IRVINE, Calif., August 10, 2023 — CoreLogic®, a leader in global property information, analytics and data-enabled solutions, released its annual Wildfire Risk Report, which quantifies the magnitude of wildfire risk across 14 western United States in terms of the number of residential properties and their associated total reconstruction cost value.
In California, more than 1.2 million homes with a combined reconstruction cost value of more than $760 billion are at moderate or high risk of wildfire damage. In Colorado, more than 300K homes with a total reconstruction cost value of $140 billion are at risk, followed by 200K homes in Texas with a total reconstruction cost value of $85 billion. The Los Angeles, Denver and Austin metro areas lead the top three states in terms of the number of residential properties with elevated wildfire risk.

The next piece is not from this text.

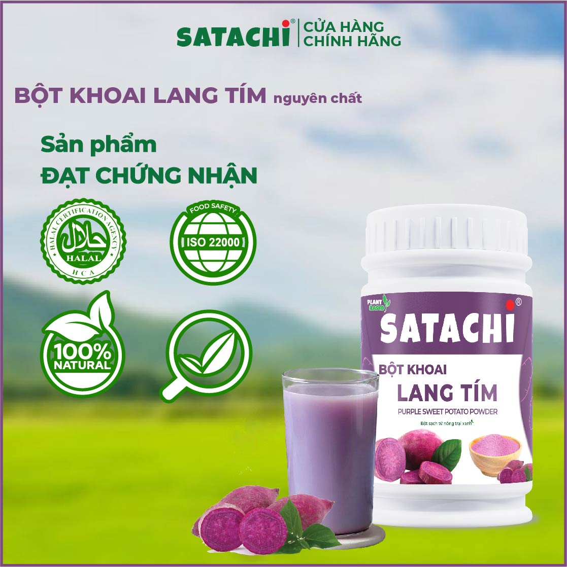 - Khách hàng luôn nhận được Sản Phẩm có Ngày Sản Xuất trong vòng 6 tháng tính từ ngày sản xuất. Bột Khoai Lang Tím nguyên chất SATACHI là dòng Sản Phẩm có nguồn dinh dưỡng dồi dào, được INSECT VIETNAM gieo trồng bằng phân bón hữu cơ G.Frass từ côn trùng. Bột Khoai Lang Tím nguyên chất SATACHI đạt:

Increasing exposure in wildfire-prone areas like the Wildland Urban Interface (WUI) continues to be a major driver of risk in the U.S. Shifting climate patterns and extreme weather events including the return of the El Niño phase of the El Niño Southern Oscillation (ENSO) and the atmospheric rivers in California last winter, could exacerbate risk and lengthen the wildfire season in the western U.S. According to the National Oceanic and Atmospheric Administration (NOAA) National Center for Environmental Information (NECI), the number of acres burned each year has steadily increased since 1983. The average number of acres burned between 2010 – 2022 is 93% higher than that from 1990 – 2000. Increased wildfire activity combined with a greater number of homes built in or near the WUI equates to a greater level of risk in the U.S.
In addition, P&C insurers in the U.S. must deal with the increasing cost of reconstruction materials and labor which has inflated the overall cost of wildfires. In the past five years, CoreLogic estimates that reconstruction costs in California have increased by 33.5%.
Using data science resources and incorporating machine learning and artificial intelligence technology, CoreLogic has identified where homes are at the highest level of wildfire risk and has demonstrated how these analytics can contribute to more informative wildfire risk models. Ultimately, this creates a more accurate assessment of potential risk, than relying on historical precedence, given shifting nature of global climate and weather patterns.
Wildfire risk is not static and it is imperative to understand that a changing climate could alter the risk landscape in the future. Leveraging CoreLogic’s Climate Risk Analytics, it is possible to assess the potential increased wildfire costs in the U.S. by decade and climate scenarios (i.e., representative concentration pathway, or RCP, from the Intergovernmental Panel on Climate Change (IPCC)). The CoreLogic analysis revealed that California residential average annual loss (AAL) may increase by 31% and 41% by mid-century (i.e., 2050) under a moderate (RCP 4.5) and extreme (RCP 8.5) increase in greenhouse gas and aerosol emissions, respectively. This analysis assumed no exposure growth and only accounts for increased wildfire activity due to climate change.
For homes to remain insurable, wildfire risk assessment tools must be built on comprehensive wildfire science and account for property- and community-level mitigation, including home hardening and retrofitting older buildings that reduce wildfire damage at the property level. This includes factors such as increased defensible spaces and effective ember protection—which can significantly reduce structural losses and make insurance coverage more affordable.